Department of Surgery
Islet cell transplantation is the most potent therapy for patients with type 1 diabetes. However, there are two major problems besetting this process. First, there are not enough islets available for transplant. Second, islets after transplantation are often undergoing apoptosis due to the stresses encountered during islet harvest and after transplantation. The ongoing projects in the Islet Cell Transplantation lab led by Dr. Hongjun Wang are focused on pancreatic islet cell biology and transplantation immunology in the treatment of type 1 and type 2 diabetes and chronic pancreatitis. The primary areas of investigation in the Wang lab include:
- Generation of insulin-secreting cells from adipose stem cells to expand the source of transplanted islets
- Mechanisms that lead to islet death after allogeneic and autologous islet transplantation
- Interventional approaches that can protect islets from apoptosis and immune rejection by induction of protective genes or encapsulating islets with nanoparticles
- The role of HO-1 in obesity and insulin resistance
- A translational approach that can prevent the onset of surgical diabetes after total pancreatectomy and islet autotransplantation for patients with chronic pancreatitis.
Type 1 Diabetes
Islet cell transplantation is the most potent therapy for patients with type 1 diabetes. However, there are two major problems besetting this process. First, there are not enough islets available for
transplant. Second, islets after transplantation are often undergoing apoptosis due to the stresses encountered during islet harvest and after transplantation and the consequent immune rejection response, thus their function is compromised. Ongoing projects in the Wang lab focus on solving these problems. Major areas of investigation include:
- The roles of a protective gene, heme oxygenase-1 (HO-1) and its products, carbon monoxide and bilirubin in islet transplantation;
- Generation of insulin-secreting cells from adult stem cells (e.g., adipose stem cells, umbilical cord stem cells) to expand source of transplanted islets;
- Developing novel encapsulation methods using FDA approved nanoparticles to protect islets from apoptosis and immune rejection;
- Understanding the role of the Regulator of G Protein Signaling 2 (RGS2) in islet regeneration.
Chronic Pancreatitis (CP)
CP is a long-standing inflammation of the pancreas that alters its normal structure and functions. Current therapies for CP patients focus on pain relief medically, endoscopically and surgically (by resection of diseased parenchyma and drainage of obstructed ducts). In patients with intractable pain and those with diffuse small duct diseases, total pancreatectomy with islet autotransplantation (TP-IAT) can be an ideal treatment option. Together with Drs. David B Adams and Katherine A Morgan, we are developing interventional procedures including induction of protective genes, nano-encapsulation, and cotransplantation with mesenchymal stem cells to improve islet yield quantity and quality in order to prevent onset of surgical diabetes after TP-IAT in patients with chronic pancreatitis. These are all areas that a bioengineered approach may help facilitate clinical translational science.

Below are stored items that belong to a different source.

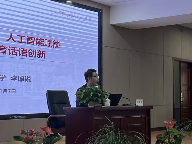 上海交通大学安泰经济与管理学院党委副书记李厚锐教授以《对话“Z世代”:人工智能赋能思想政治教育话语创新》为题作报告。他从数字化时代背景和Z世代行为认知特征出发,深刻剖析了AI技术带来的思政教育话语变革、风险挑战及创新路径,并结合多所高校的实践案例畅想了未来AI赋能思政话语的多元应用场景。
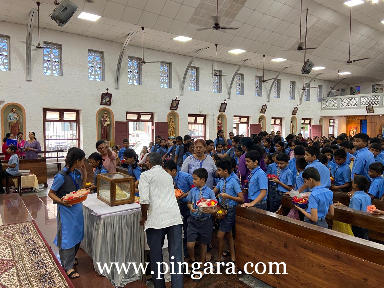 Karkala: Second Day of Novena began with showering flowers on infant Mary at Christ King Church, Karkala.
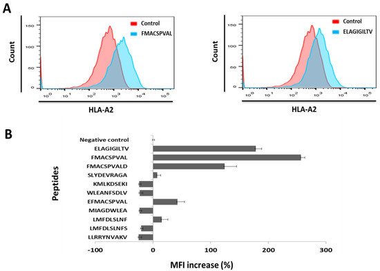 As shown in Figure 2, the binding affinity of the peptide FMACSPVAL was much higher than that of the peptide ELAGIGILTV and the peptide LLRRYNVAKV (previously reported in [21]). The % MFI increase of the peptide FMACSPVAL was 256.8%, while the % MFI increase of the peptides ELAGIGILTV and LLRRYNVAKV were 178.2% and −24.6%, respectively. The peptides FMACSPVALD, EFMACSPVAL, SLYDEVRAGA, and LMFDLSLNF had % MFI increases of 124.2%, 42.5%, 7.4%, and 15.1%, respectively. Other predicted peptides did not have a higher binding affinity than the negative control. Of the nine newly predicted binders, the most strongly predicted peptide FMACSPVAL indeed proved to be a strong binder, even stronger than the positive control. The peptide FMACSPVALD also showed robust binding. Two peptides (EFMACSPVAL, LMFDLSLNF) showed intermediate binding, and one (SLYDEVRAGA) showed binding just above the background value. It is interesting to note that EFMACSPVAL was predicted to be a strong binder by NetMHC-4.0, but only predicted to be a binder at all by one more prediction algorithm, indicating that something may be questionable with this specific NetMHC-4.0 prediction. All other peptides were non-binders in the experimental assay, including the previously published peptide LLRRYNVAKV.
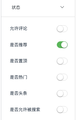 如下面中间图“状态”,如果需要把新闻在首页显示,打开“是否推荐”即可,首页多最显示2条推荐新闻,按ID降序(最新时间),
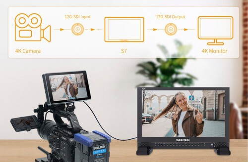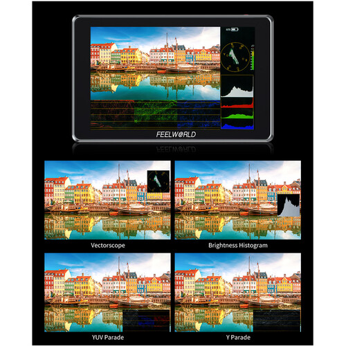 Контролируйте сигналы 4K HDR с высокой чёткостью прямо на площадке с помощью компактного монитора FeelWorld S7 7". Этот сенсорный полевой монитор с прочным алюминиевым корпусом оснащён входами и выходами 12G-SDI и HDMI 2.0, что позволяет просматривать 4K-сигнал без необходимости понижения разрешения. ЖК-панель имеет разрешение 1920 × 1200, контраст 1200:1 и яркость 1600 кд/м², обеспечивая чёткое изображение даже под прямыми солнечными лучами.
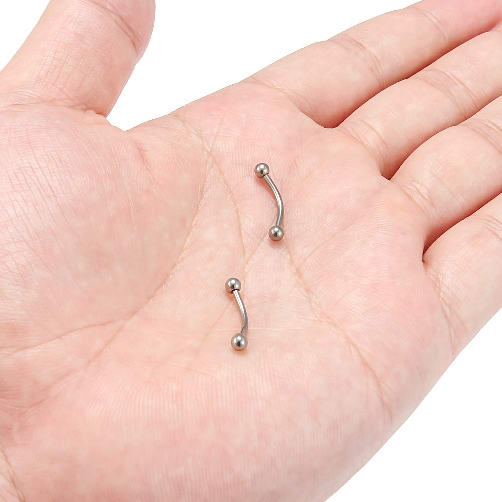 You will receive 2PCS 16G G23 titanium curved barbell eyebrow tragus helix ear belly lip nipple tongue ring body piercing jewelry.

Clean Cell Facility for Tissue Engineering
The second floor of the Clinical Science Building at MUSC houses The Center for Cellular Therapy (CCT). The primary goals of the CCT are to: produce expanded celltherapy and gene-therapy based biotherapeutic products for Phase I and II clinical studies (employing current Good Manufacturing Practices (cGMP)), serve as a regulatory resource to MUSC in the preparation of cell and gene-therapy based INDs, and to facilitate clinical development of novel cellular cancer therapies. The CCT facility houses three fully equipped, FDA/ISO compliant, manufacturing suites available for clinical trials using cell-mediated therapy. The CCT facility consists of three components: a 200 sq. ft. Process Optimization Lab, a 200 sq. ft. Materials Management/QC Laboratory, and a 1000 sq. ft. clean room suite comprised of manufacturing rooms, general processing area, storage, gowning and de-gowning areas. The cGMP clean room suite contains three annually certified ISO 14644-1 compliant Class 6 manufacturing rooms, with monthly in-house testing placing them at or below Class 5. Each of these is a fully functional processing laboratory containing well-maintained, highest quality laboratory equipment. In addition, each room contains at least one Class 5 Biological Safety Cabinet (BSC) for performing open system sterile processing. The CCT staff has extensive experience in all aspects of cellular therapy and cGMP Phase I/II manufacturing of autologous cellular products. This includes cGMP handling of blood components; dendritic cell, T cell & immunotherapy expertise; as well as clinical experience in transplantation & cellular therapies. In addition to technical expertise, there is extensive QA/QC and regulatory experience available to ensure FDA compliance during the development of each specific cellular product. CCT staff can provide assistance in the development of standard operating procedures, the performance of process and/or equipment validation, staff training & competency/proficiency assessments, as well as the preparation of regulatory documents including IND applications.